Image from University of Calgary
Some people just don’t get the point, no matter how much stuff happens – Americans continue to see creationism taught in their schools not as a religious doctrine, but as science, by at least a quarter of the nation’s biology teachers.Despite a 2005 Pennsylvania court case that threw intelligent design out of the classroom, states still set their own precedent, and teachers, more than legislators, are in control of what happens in their classroom. This is a dangerous proposition when 16% of the nation’s biology teachers are creationists, and 1 in 6 of those believe the earth is less than 10,000 years old.
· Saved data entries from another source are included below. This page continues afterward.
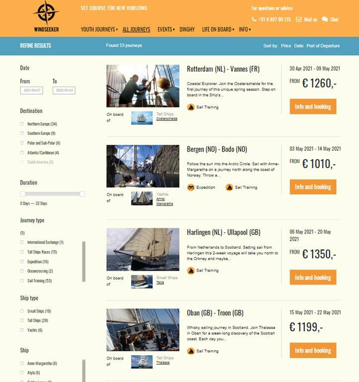 Сервис по поиску парусных путешествий www.windseeker.org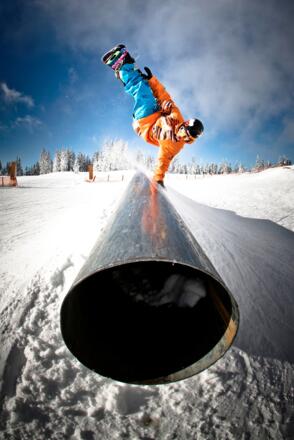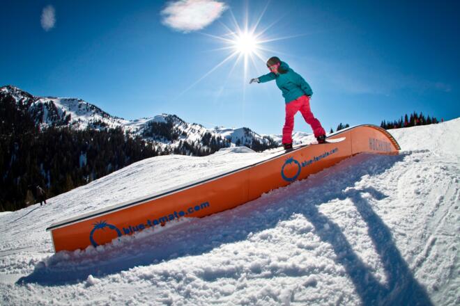 Der Blue Tomato Kings Park erstreckt sich beinahe über die gesamte Länge der 8er Kabinenbahn Kings Cab und füllt damit eine unglaubliche Länge von 1,8 km mit feinsten Freestyle-Elementen aus.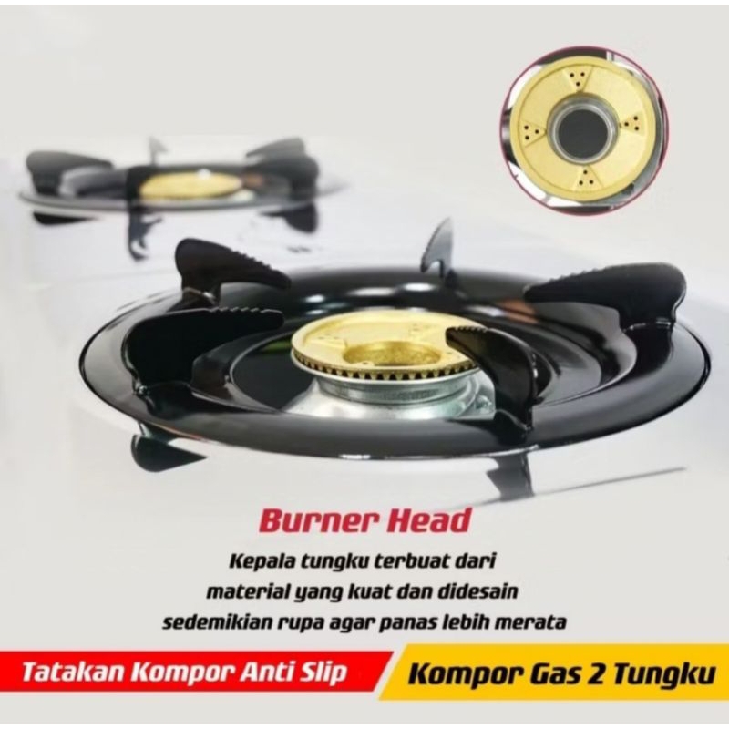 Kompor Gas 2 Tungku Anti Karat / Omicko Kompor Stainless 2 Tungku Anti Karat - Kompor 2 Tungku Anti Karat Sni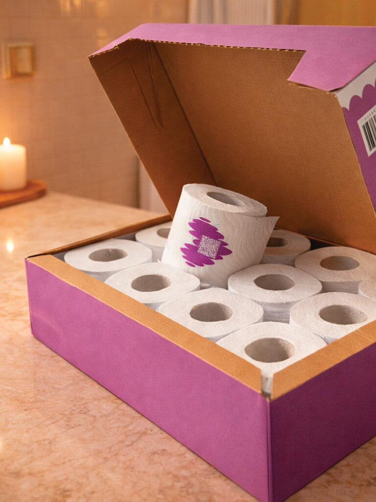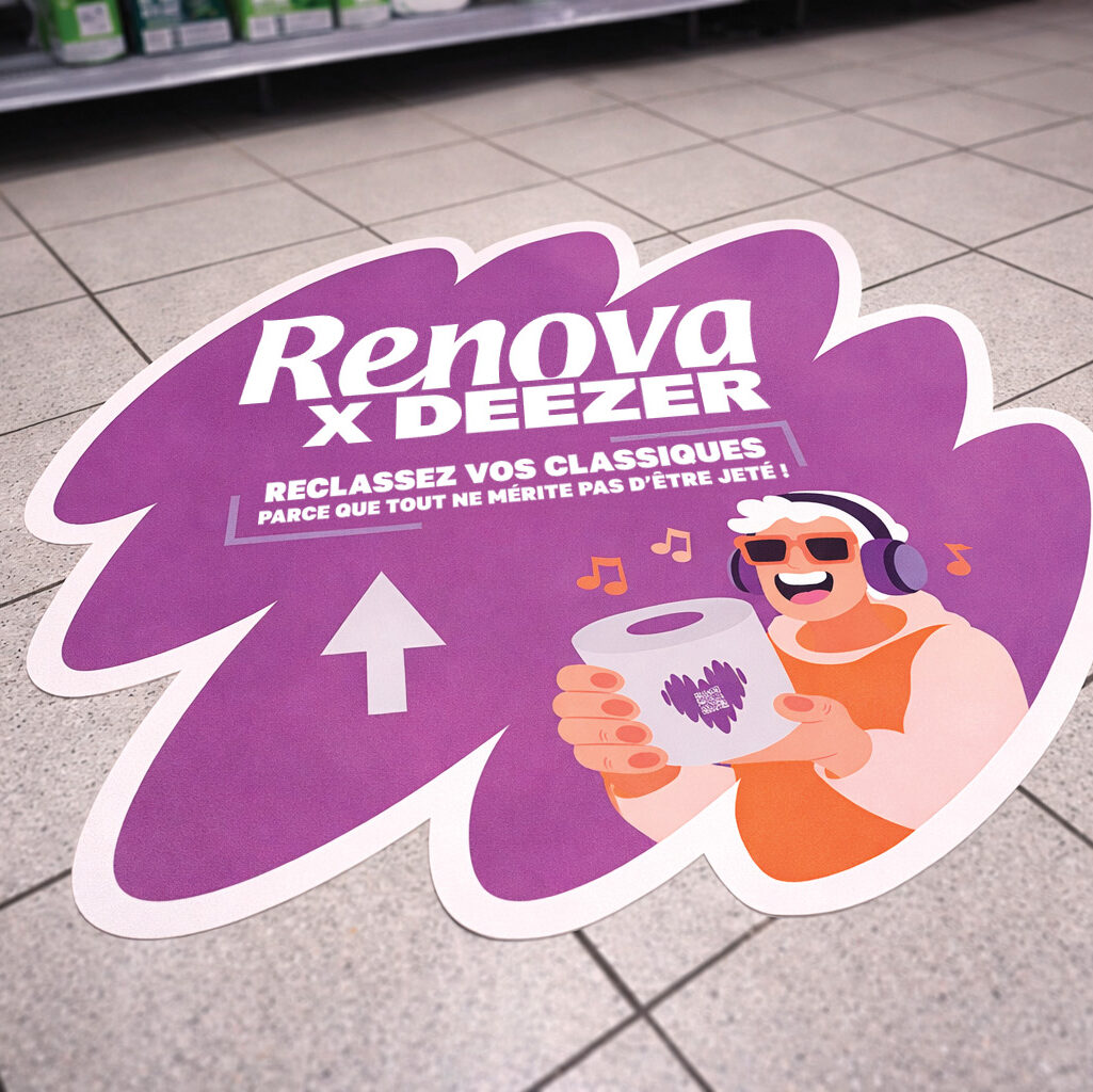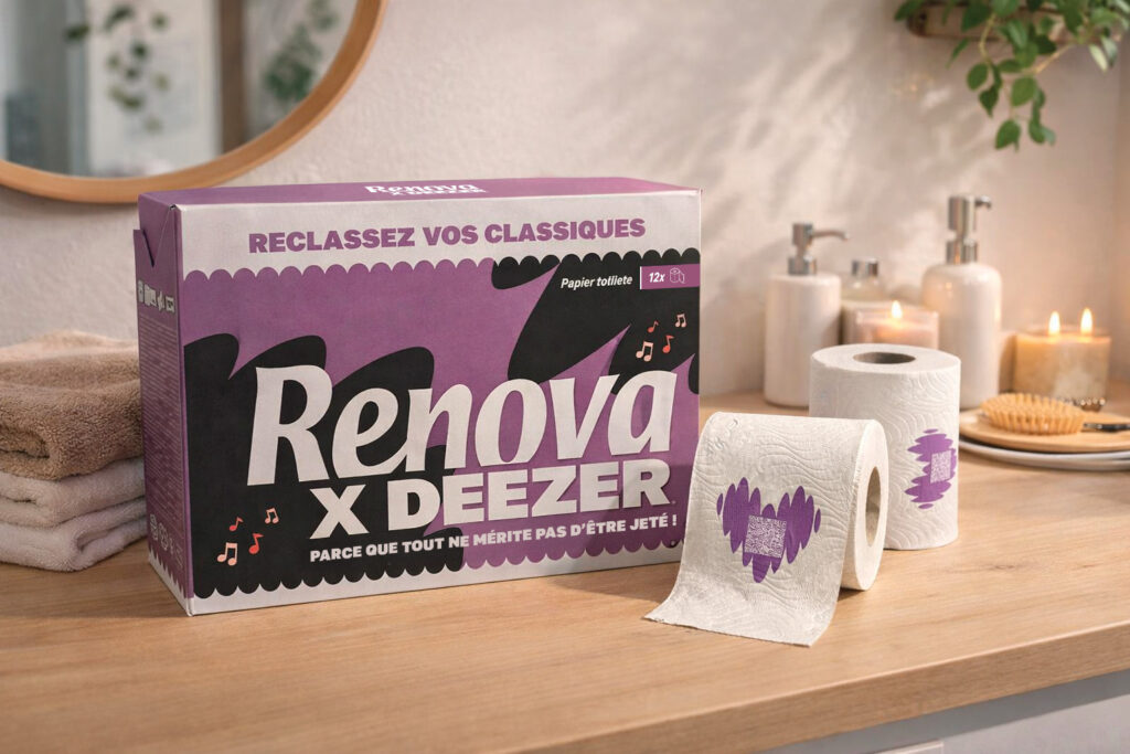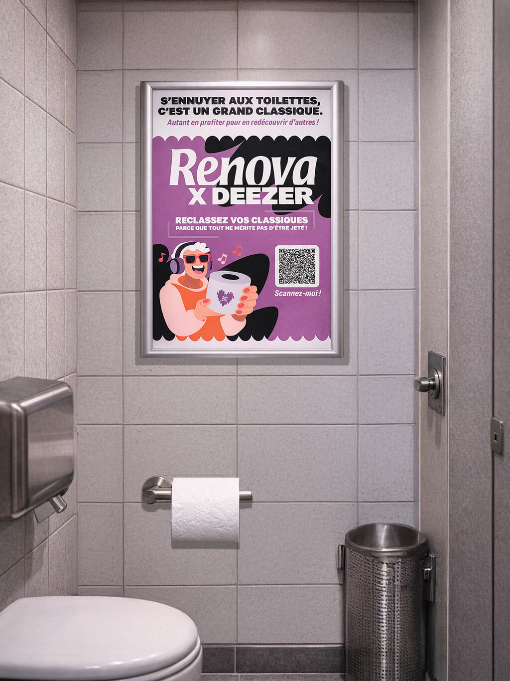 Ce projet imagine une collaboration fictive entre Renova et Deezer autour d’un papier toilette en édition limitée. Le concept détourne avec humour le jugement rapide porté sur certaines musiques considérées comme dépassées. Chaque feuille intègre un QR code menant à un morceau à redécouvrir, invitant l’utilisateur à lui offrir une seconde chance. Le design fusionne les univers graphiques des deux marques pour proposer une expérience ludique et interactive.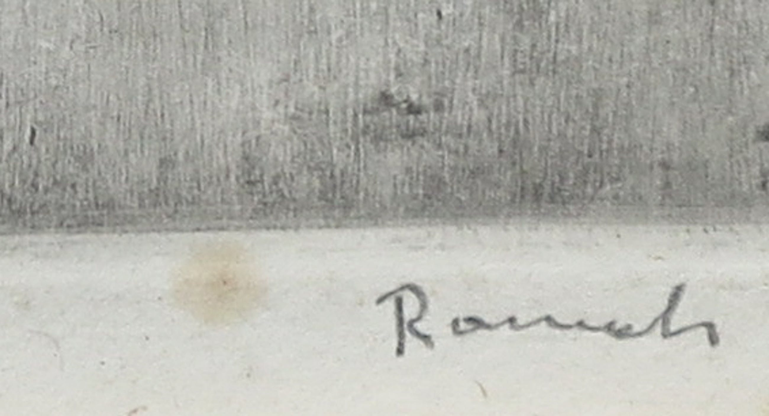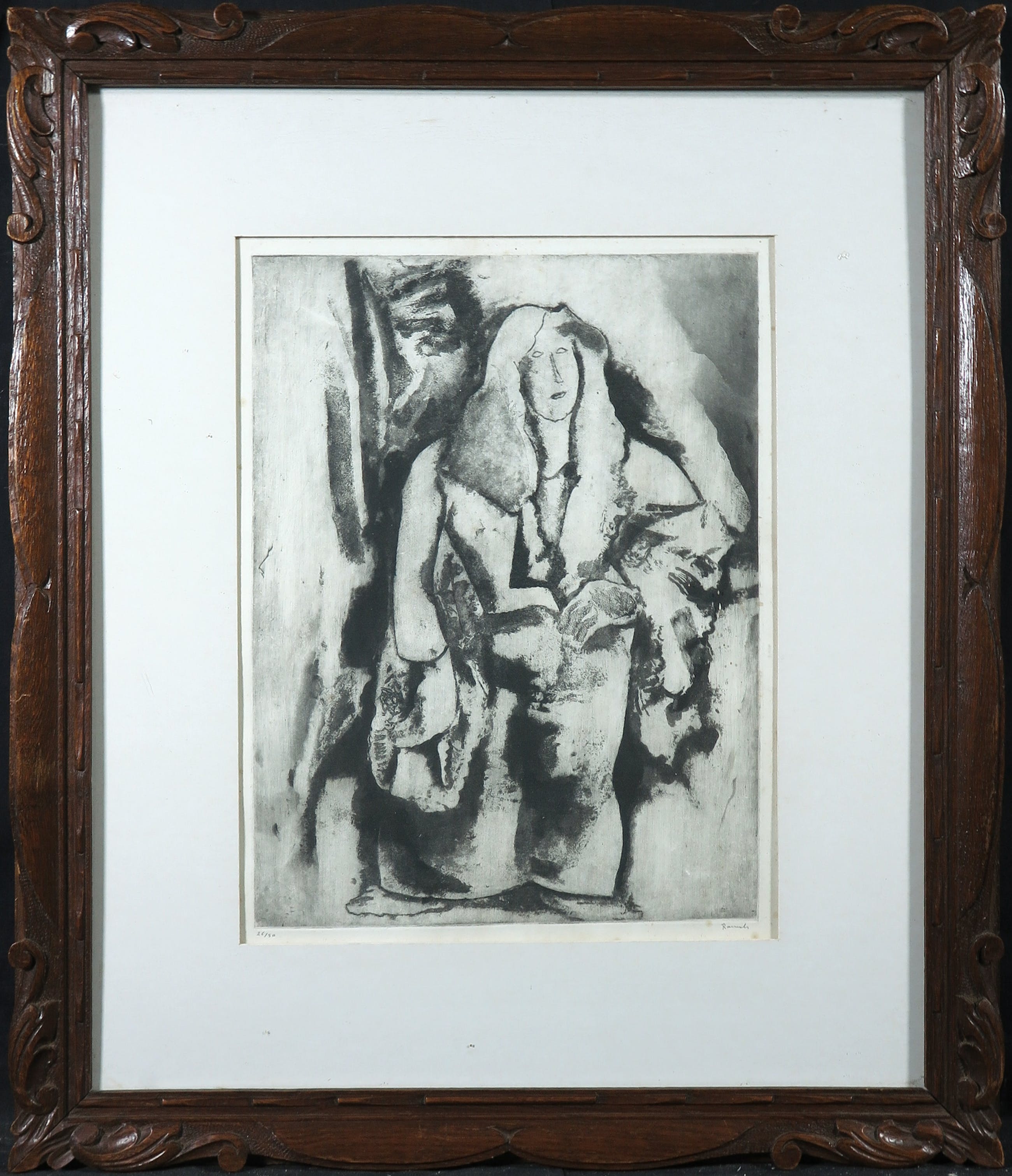 | An sich in goede staat gezien leeftijd, maar wel met foxing in de marge. Passe-partout is verouderd en aan vervanging toe. Rechtsboven zit een soort blutsje in het glas. Inlijsting is aan de achterzijde een beetje losjes. De achterplaat moet opnieuw bevestigd worden. | |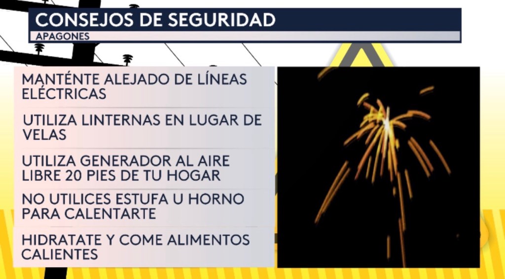•Aquí les dejo algunos consejos de seguridad de lo que hacer cuando estés en apagón. Siempre manténganse alejados de las líneas eléctricas tumbadas ya que todavía pueden estar cargados y ser peligrosos. Utilicen linternas en vez de velas y eviten usar las estufas u hornos para calentarte ya que pueden representar un riesgo significativo de incendio. Lo que también pueden hacer las estufas o los hornos es emitir gases inodoros que pueden provocar intoxicación por monóxido de carbono. Por eso es que también es importante utilizar tu generador al libre, no dentro de tu casa, al menos 20 pies de tu hogar para evitar esa intoxicación por monóxido de carbono. Por último, manténganse hidratados(as) y alimentados(as) con comidas calientes.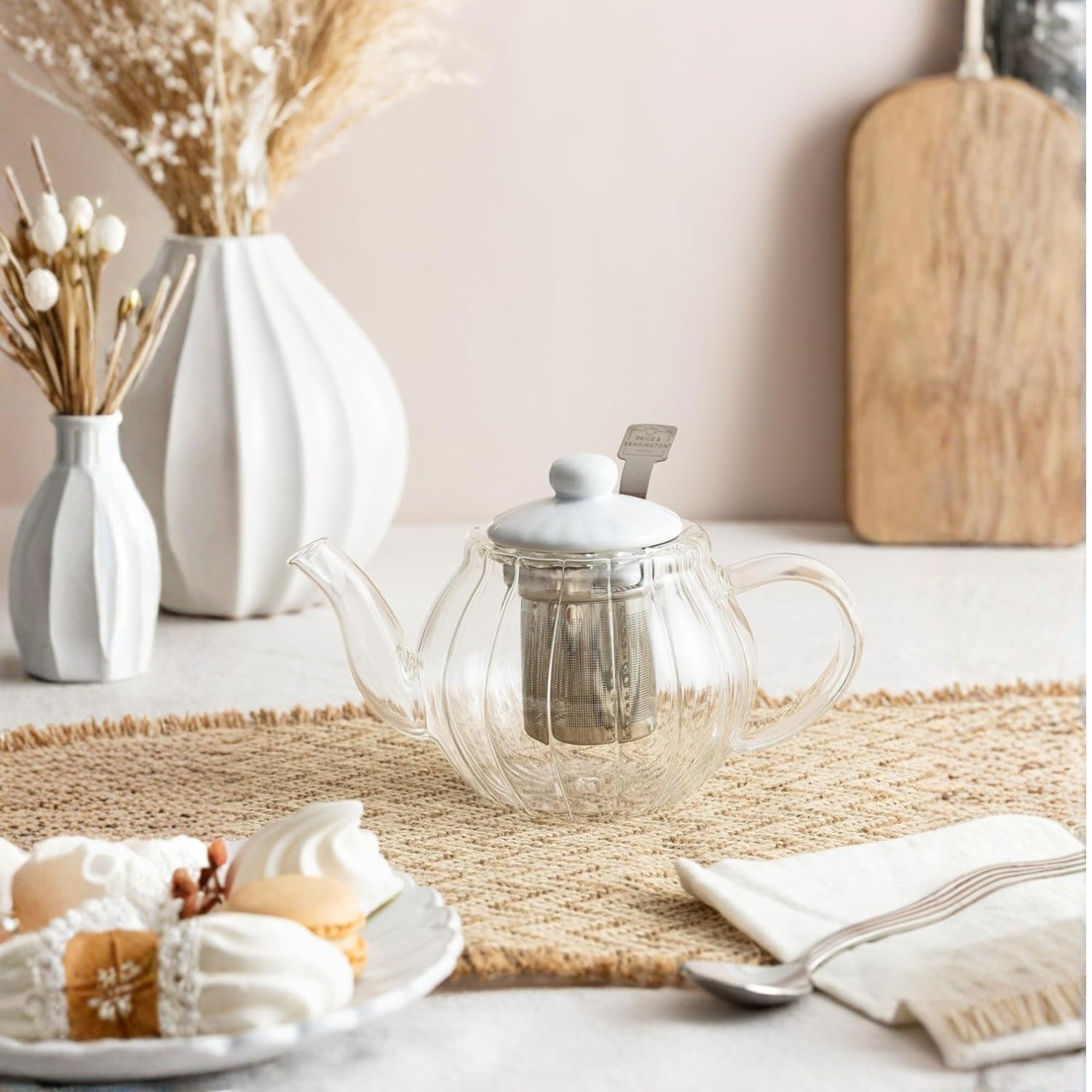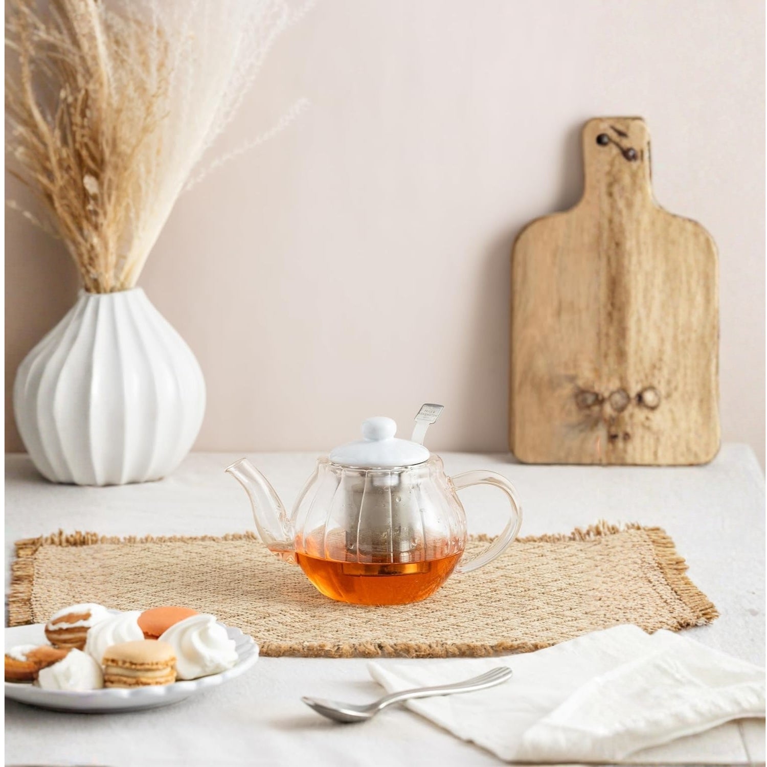 Enjoy a refined tea experience with this fluted embossed glass teapot featuring a white ceramic lid and stainless steel infuser. Crafted from heat-resistant glass, it allows you to watch your tea brew to perfection while adding a touch of elegance to your kitchen or dining table. Ideal for both loose-leaf and bagged teas, this teapot combines functionality with timeless style, making it perfect for any tea lover.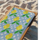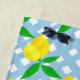 Charming branches of lemons decorate this blue and white checked beach towel.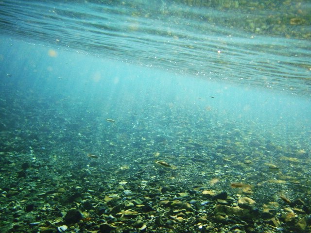水の沸く箇所では透明度が更にUP!空から光が降ってくる。

It’s this very population that may not be qualified to explain to their students what is going on when scientists in the field discover an animal like the frogmander: a 290-million-year-old fossil linking modern frogs and salamanders to a single ancient amphibian.
The frogmander is just the latest in a long, long line of body blows to creationism that are typically shrugged off as the work of the devil, or the by-products of a scientific community that’s not open to a pluralism of views when it comes to creationism. Instead, this frog, the Gerobatrachus hottoni, or “elderly frog” will help unify the family tree of amphibians, which had been shrouded in scientific mystery since time immemorial. The ancient record existed up until the point that the elderly frog should have existed, and the modern one began after it, but the gap was not to be filled until the current issue of the journal “Nature” was released, and with it the news of this missing evolutionary link.
First collected in the 1990s, nobody noticed the significance of the frogmander until 2004, when a scientist going through the archives of the Smithsonian Institution found what are termed “archaic features” in the fossil, anachronisms that gave away the frogmander’s deep secret.